EX-3.1 2 icu-ex3_1.htm EX-3.1 EX-3.1

Exhibit 3.1

 

Second Certificate of Amendment

of

Third Amended and Restated Certificate of Incorporation

of

SeaStar Medical Holding Corporation

SeaStar Medical Holding Corporation (the “Corporation”), a corporation organized and existing under the General Corporation Law of the State of Delaware (the “DGCL”), does hereby certify as follows:

FIRST: At the Effective Time, as defined below, each twenty-five (25) shares of the Corporation’s common stock, par value $0.0001 per share, issued and outstanding immediately prior to the Effective Time (the “Old Common Stock”) shall automatically without further action on the part of the Corporation or any holder of Old Common Stock, be reclassified, combined, converted and changed into one (1) fully paid and nonassessable share of common stock, par value $0.0001 per share (the “New Common Stock”), subject to the treatment of fractional share interests as described below (the “reverse stock split”). The conversion of the Old Common Stock into New Common Stock will be deemed to occur at the Effective Time.
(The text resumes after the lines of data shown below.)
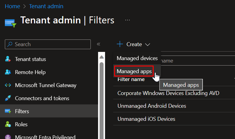 We’ll want to make a filter before we assign the new app protection policy. This is so we can specifically target unmanaged devices. If you’re following along, do this in a new tab, or finish your app protection policy but don’t assign it until you have the filter created. To create a filter, navigate to Tenant Administration > Filters. From the drop-down, we want to create a managed app filter.
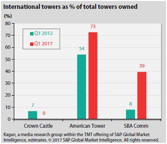 事實(shí)上,加上對(duì)Lightower的收購(gòu),Crown Castle這一系列激進(jìn)行為都意在支持對(duì)Small Cell連接的日益增長(zhǎng)的需求,但其主要競(jìng)爭(zhēng)對(duì)手如SBA通訊集團(tuán)和美國(guó)鐵塔公司進(jìn)入Small Cell市場(chǎng)的方式或許更加精妙。SBA和美國(guó)鐵塔開(kāi)拓國(guó)外市場(chǎng)進(jìn)展順利,當(dāng)Crown Castle剝離澳洲鐵塔并使其100%資產(chǎn)在美國(guó)時(shí),SBA國(guó)際鐵塔占總鐵塔數(shù)的比例卻從2012年Q1的8%上升到2017年Q1的39%,美國(guó)鐵塔該數(shù)字同期也從54%上升到73%。
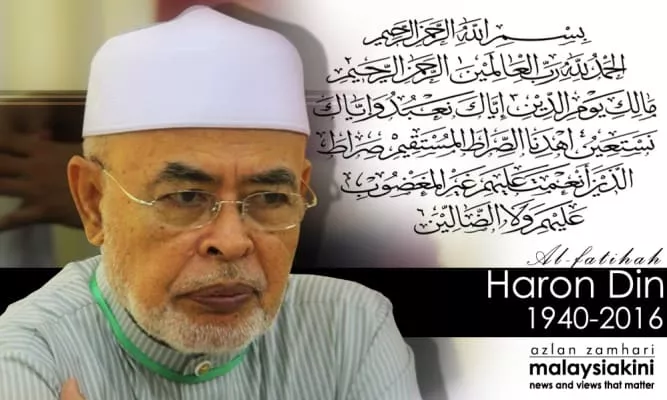 Haron bin Din was a Malaysian politician and Muslim cleric. He was the 3rd Spiritual Leader of the Malaysian Islamic Party from March 2015 after the death of his influential predecessor Nik Abdul Aziz Nik Mat to his own death in September 2016.

From and after the Effective Time, certificates representing the Old Common Stock shall represent the number of shares of New Common Stock into which such Old Common Stock shall have been converted pursuant to this Certificate of Amendment. Holders who otherwise would be entitled to receive fractional share interests of New Common Stock upon the effectiveness of the reverse stock split shall be entitled to receive a whole share of New Common Stock in lieu of any fractional share created as a result of such reverse stock split.

SECOND: The foregoing amendment shall be effective at 5:00 P.M. EDT, on June 7, 2024 (the “Effective Time”).

THIRD: That the stockholders of the Corporation have duly approved the foregoing amendment in accordance with the provisions of Section 242 of the DGCL.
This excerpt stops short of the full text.